ON THE WAVES OF THE ADRIATIC A beautiful documentary shot over five years in the late 80's, early 90's in and around Melbourne’s then pre-gentrified suburb of Brunswick. The film follows three mildly intellectually disabled young teens killing time picking through rubbish tips, riding BMX bikes and killing snakes. Kinda sounds like Harmony Korine's 'Gummo' but this film is far from Korine’s fabricated reality. It's astonishly honest, raw and human. I have it on VHS which seems appropriate (I want a DVD copy so bad!). I can't find any link to any clip or even an image of this film online. It's like it never even existed. A misplaced masterpiece of Australian cinema.
CANDY Candy is one of handful of films I could say I truly, madly, deeply fell in love with when I first saw it. I went and saw it multiple times in the the cinema. Just to spend time with it. I’m a hopeless romantic and there is something hoplessley romantic about this tragic junkie love story that got under my skin and it’s still there.
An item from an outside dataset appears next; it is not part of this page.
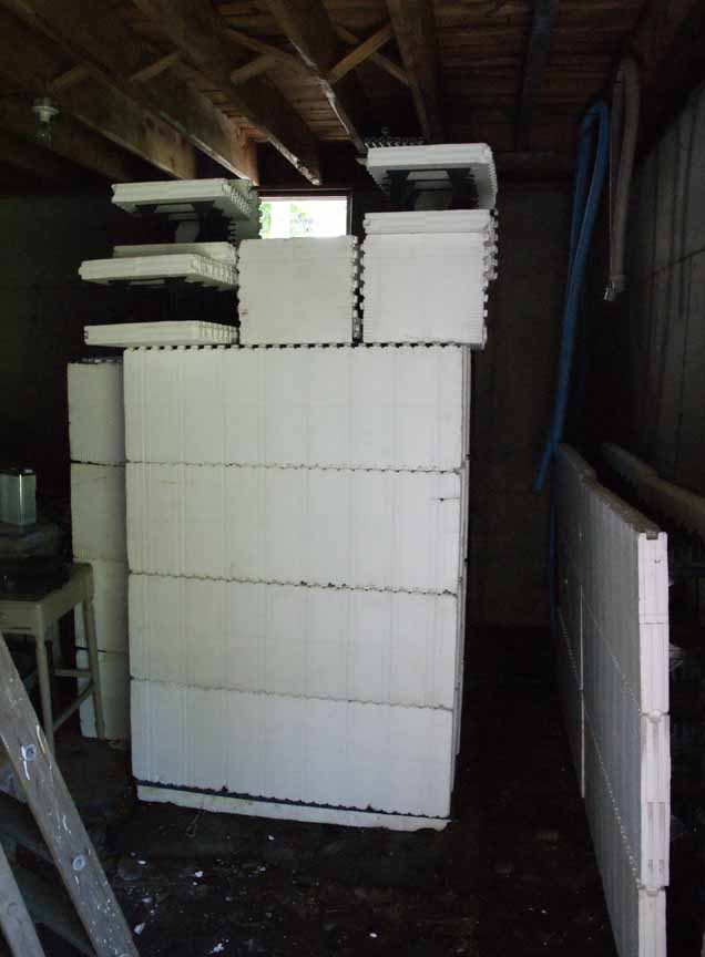 I also got a great deal on ICF’s (insulated concrete forms) off of Craig’s List. ICF’s are big insulated panels that you can pour your concrete stem wall into. They stack like Lego blocks and make pouring and insulating your foundation a simpler quicker task. They run around $2o for a 4′ long section, but I picked up almost enough to do the garage foundation at $7.50/section.

DOGS IN SPACE I was obsessed with girl who was obsessed with this film and by default I got obsessed with it to. The first time I visited Melbourne I tracked down the Richmond house where the film was shot. It was a pilgrimage that helped solidify my love for Melbourne and I moved here soon after. The end sequence where they cut around the house and all it’s empty rooms still pops into my head often. That sequence and the film as a whole has influenced alot of what I've done on screen in many ways.
LAST RIDE My list, my film. My road movie featuring Hugo Weaving as a guy who takes his ten year old son on the run through the deserts of South Australia. Making this film was dream come true and many have said it's Hugo's finest on screen performance. I tend to agree.
PICNIC AT HANGING ROCK Probably the scariest film I've ever seen. Have you been to Hanging Rock? It’s a really weird and eery place even without the 19th Century private school girls wondering around staring at frill neck lizards. The directors cut is way better than the original and surprisingly shorter. (check out this great comparison between the original and the directors cut)
PRAISE So worth seeing and in particular for Sascha Horler’s killer performace as obsessive Cynthia. I remember sitting in the dark at the Nova, jaw on the ground watching her have sex while scratching the eczema on her chest. Such a beautifully raw character. Sascha Horler totally committed to it and I'm a huge fan till this day.
VAN DIEMANS LAND This bleak, minimalist and unapolgetically art house imagining of the escape of irish convict Alexander Pearce and his mates. Don’t watch with friends on an empty stomach. Humans taste a little like chicken apparently. History Core!
RAZOR BACK When your 13 and living in a small town in country NSW, Razor Back is a really important aspect of your life. Partly because you know people who go out hunting pigs for real. But mostly because the idea that there really could be a giant feral pig out in the surrounding bush brings your imagination to life. This was my JAWS!
THE BOYS If I could choose any of the films in this list as the film I most wish I made, I think it would be this one. There is something so hypnotically menacing about this film. It's tone just grabs you from the first frame and doesn’t let go. I saw it with a girlfriend at the Greater Union on Russell Street and she didn't speak for a few hours afterward. Speechless, literally. Creepy.